Assignment: Instruction for the entries below: return the part that opens with the line containing "In addition to" and closes with the line containing "Where do we", exactly, and no pictures.

Exercise materials:
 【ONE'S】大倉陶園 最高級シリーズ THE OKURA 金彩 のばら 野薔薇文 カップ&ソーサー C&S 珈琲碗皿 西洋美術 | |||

* * *

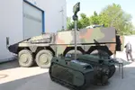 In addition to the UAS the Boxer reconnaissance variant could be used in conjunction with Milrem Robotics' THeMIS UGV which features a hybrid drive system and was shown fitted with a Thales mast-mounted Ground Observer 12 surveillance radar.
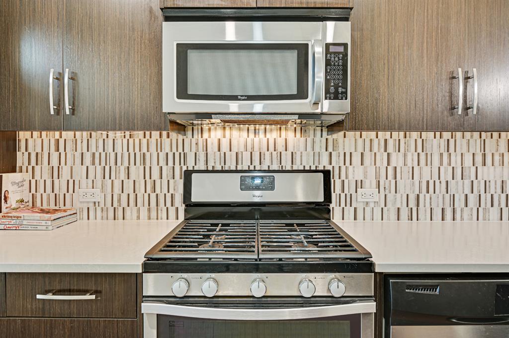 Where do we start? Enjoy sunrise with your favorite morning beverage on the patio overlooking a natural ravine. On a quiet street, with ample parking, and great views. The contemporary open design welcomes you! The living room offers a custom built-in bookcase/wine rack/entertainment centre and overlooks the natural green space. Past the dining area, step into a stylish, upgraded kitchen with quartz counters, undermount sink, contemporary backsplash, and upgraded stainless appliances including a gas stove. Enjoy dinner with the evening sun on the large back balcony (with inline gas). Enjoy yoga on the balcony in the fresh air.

Answer to this exercise:
 In addition to the UAS the Boxer reconnaissance variant could be used in conjunction with Milrem Robotics' THeMIS UGV which features a hybrid drive system and was shown fitted with a Thales mast-mounted Ground Observer 12 surveillance radar.
 Where do we start? Enjoy sunrise with your favorite morning beverage on the patio overlooking a natural ravine. On a quiet street, with ample parking, and great views. The contemporary open design welcomes you! The living room offers a custom built-in bookcase/wine rack/entertainment centre and overlooks the natural green space. Past the dining area, step into a stylish, upgraded kitchen with quartz counters, undermount sink, contemporary backsplash, and upgraded stainless appliances including a gas stove. Enjoy dinner with the evening sun on the large back balcony (with inline gas). Enjoy yoga on the balcony in the fresh air.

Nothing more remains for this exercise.